As the timings above indicate, hypergeometric series have gotten up to 2x faster. The speedup of the actual summation is much larger, but much of that gain is lost in various Python overheads (more work can be done on this). There should be a noticeable speedup for some hypergeometric function computations, while others will not benefit as much, for the moment.

Another benchmark is the extratest_zeta.py script in mpmath, which exercises the mpmath implementation of the Riemann-Siegel formula for evaluation of ζ(s) for complex s with large imaginary part.
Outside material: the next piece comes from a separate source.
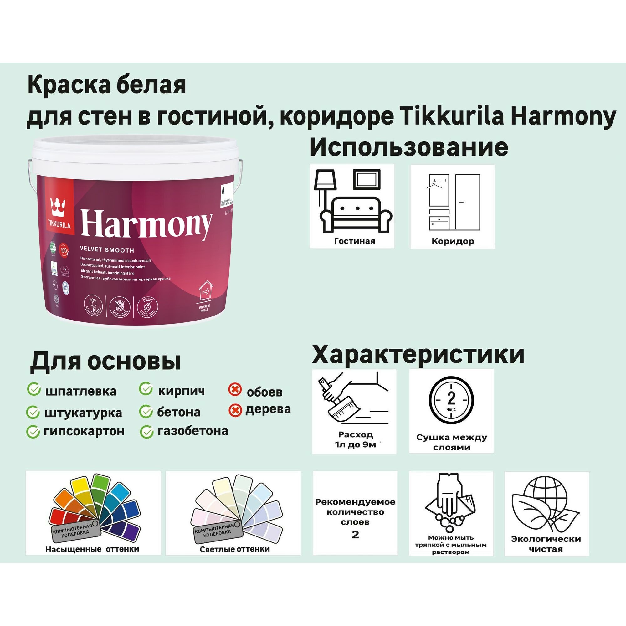 Tikkurila Harmony,Интерьерная глубокоматовая экологичная краска, придающая поверхности бархатистый эффект,база А, 9л
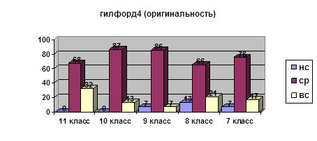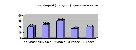 4 модифицированный субтест Гилфорда, главным образом, связан именно с речью, лексикой. По средним значениям наиболее оригинальными оказался 9 класс (рис. 10)

Such computations largely depend on elementary function performance (cos, sin, exp, log).

Here are the new timings for mpmath in Sage:

fredrik@scv:~/sage$ ./sage /home/fredrik/mp/mpmath/tests/extratest_zeta.py
399999999 156762524.675 ok = True (time = 1.144)
241389216 97490234.2277 ok = True (time = 9.271)
526196239 202950727.691 ok = True (time = 1.671)
542964976 209039046.579 ok = True (time = 1.189)
1048449112 388858885.231 ok = True (time = 1.774)
1048449113 388858885.384 ok = True (time = 1.604)
1048449114 388858886.002 ok = True (time = 2.096)
1048449115 388858886.002 ok = True (time = 2.587)
1048449116 388858886.691 ok = True (time = 1.546)
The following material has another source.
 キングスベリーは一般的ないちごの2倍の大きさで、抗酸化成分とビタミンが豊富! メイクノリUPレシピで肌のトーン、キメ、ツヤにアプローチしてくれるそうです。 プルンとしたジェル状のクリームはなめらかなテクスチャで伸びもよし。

This is mpmath in Sage with the new extension code disabled:

fredrik@scv:~/sage$ ./sage /home/fredrik/mp/mpmath/tests/extratest_zeta.py
399999999 156762524.675 ok = True (time = 2.352)
241389216 97490234.2277 ok = True (time = 14.088)
526196239 202950727.691 ok = True (time = 3.036)
542964976 209039046.579 ok = True (time = 2.104)
1048449112 388858885.231 ok = True (time = 3.707)
1048449113 388858885.384 ok = True (time = 3.283)
1048449114 388858886.002 ok = True (time = 4.444)
1048449115 388858886.002 ok = True (time = 5.592)
1048449116 388858886.691 ok = True (time = 3.101)

This is mpmath in ordinary Python mode, using gmpy:

fredrik@scv:~/sage$ python /home/fredrik/mp/mpmath/tests/extratest_zeta.py
399999999 156762524.675 ok = True (time = 2.741)
241389216 97490234.2277 ok = True (time = 13.842)
526196239 202950727.691 ok = True (time = 3.124)
542964976 209039046.579 ok = True (time = 2.143)
1048449112 388858885.231 ok = True (time = 3.257)
1048449113 388858885.384 ok = True (time = 2.912)
1048449114 388858886.002 ok = True (time = 3.953)
1048449115 388858886.002 ok = True (time = 4.964)
1048449116 388858886.691 ok = True (time = 2.762)

With the new extension code, it appears that zeta computations are up to about twice as fast. This speedup could be made much larger as there still is a significant amount of Python overhead left to remove — also a project for the future.